Leider kamen nach einer halben Stunde die Großen und nahmen ihnen den Platz weg – also gingen Mateo und Ramiro durch die Straßen, bevor sie zum Mittagessen zu Ramiro nach Hause gingen. Es gab Pique Macho, ein würziges Gericht mit Rindfleisch, Wurst, Tomaten und Pommes. Weltklasse, fand Mateo.
Jetzt waren sie zwar satt, aber sie wollten den Sonntag noch nutzen, um zu trainieren. Wie sollte man sonst jemals auf dem Feld im Estadio Hernando Siles auflaufen, wenn man nicht jede freie Minute mit dem Ball am Fuß durch die Gegend lief. Auf den Bolzplätzen gab es wieder keinen Platz, also liefen sie einfach so die Straßen entlang. Und da passierte es: Mateo rutschte der Ball unter dem Fuß durch und rollte die Otero de la Vega runter – zuerst langsam, dann immer schneller, noch schneller, weg war er. Kurz blieben Mateo und Ramiro wie festgewurzelt stehen, dann rannten sie los. So einen Ball würden sie so schnell nicht wiederbekommen.

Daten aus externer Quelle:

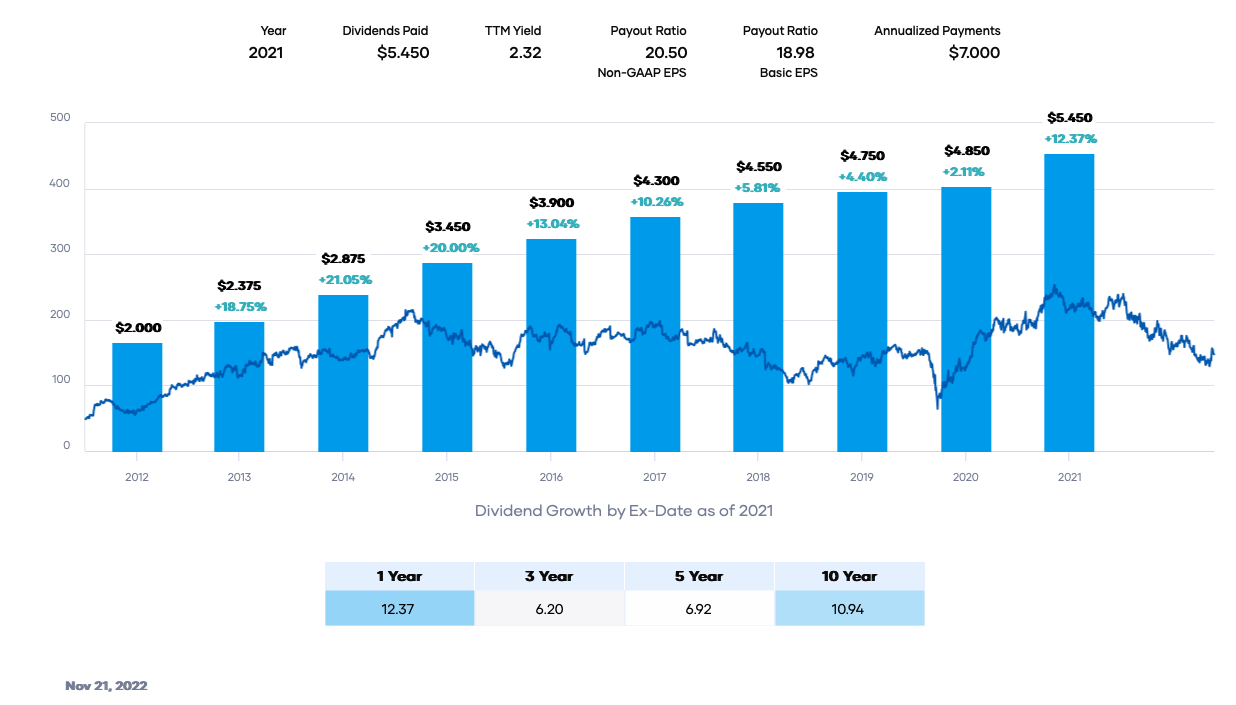 Dividend growth investors will like that Verizon is a Dividend Contender with 18 years of increases. The most recent dividend increase was in September 2022 to $0.6525 per share. Verizon consistently advances the dividend by about 2% annually in the past decade.

Der Ball war zu schnell. Die Straße war nicht einmal die steilste der Stadt – wenn Mateo zum Vergleich an seine Fahrten mit der Seilbahn hoch über den Stadtvierteln dachte, unter sich die Straßen mit gefühlt 50% Gefälle. Der Ball war nicht mehr zu sehen. Sie fragten die Leute und die riefen ihnen die Richtung zu, in die der Ball weggehoppelt war. Immer mehr Leute beteiligten sich an der Verfolgung. Sie verteilten sich, rannten, riefen sich Hinweise zu, dann war es plötzlich still. An einer Ecke kam ein Mann aus einem Laden und schrie: „Wer hat den Ball in meine Papayas geschossen? Wer war das? Die Hälfte ist hin!“
Die vielen Leute fingen an zu lachen und holten Mateo nach vorne, der völlig erschöpft war. Er erzählte dem Obstladenbesitzer die ganze Geschichte, während die anderen um sie herumstanden und sich amüsierten. Eine Frau rief: „Ich kaufe fünf Papayas, wenn es Ihnen hilft!“ Und eine andere rief: „Ich kaufe sechs!“ Jetzt wollten alle Papayas kaufen und der Ladenbesitzer machte das Geschäft seines Lebens. Mateo und Ramiro verdrückten sich lieber unauffällig mit ihrem Ball. Ramiro meinte: „Du musst echt noch viel trainieren, so schlecht ist Deine Ballbehandlung. Bei jeder Gelegenheit rutscht er Dir unter der Sohle durch!“ Sie mussten lachen, für heute war es echt genug. Mateo sagte: „Aber sind die Leute nicht nett? Groß, klein, alt, jung – alle haben sie uns geholfen! So soll es sein!“ „So soll es sein“, sagte auch Ramiro. „Bis morgen in der Schule, vergiss den Ball nicht!“
„Bis morgen!“, lachte Mateo.
Am Abend versammelte sich seine ganze Familie zum Abendessen. Es gab leckeres Sopa de Mani, eine Erdnusssuppe – sehr beliebt in Bolivien. Die Papaya zum Nachtisch genoss Mateo mit einem breiten Grinsen im Gesicht in vollen Zügen.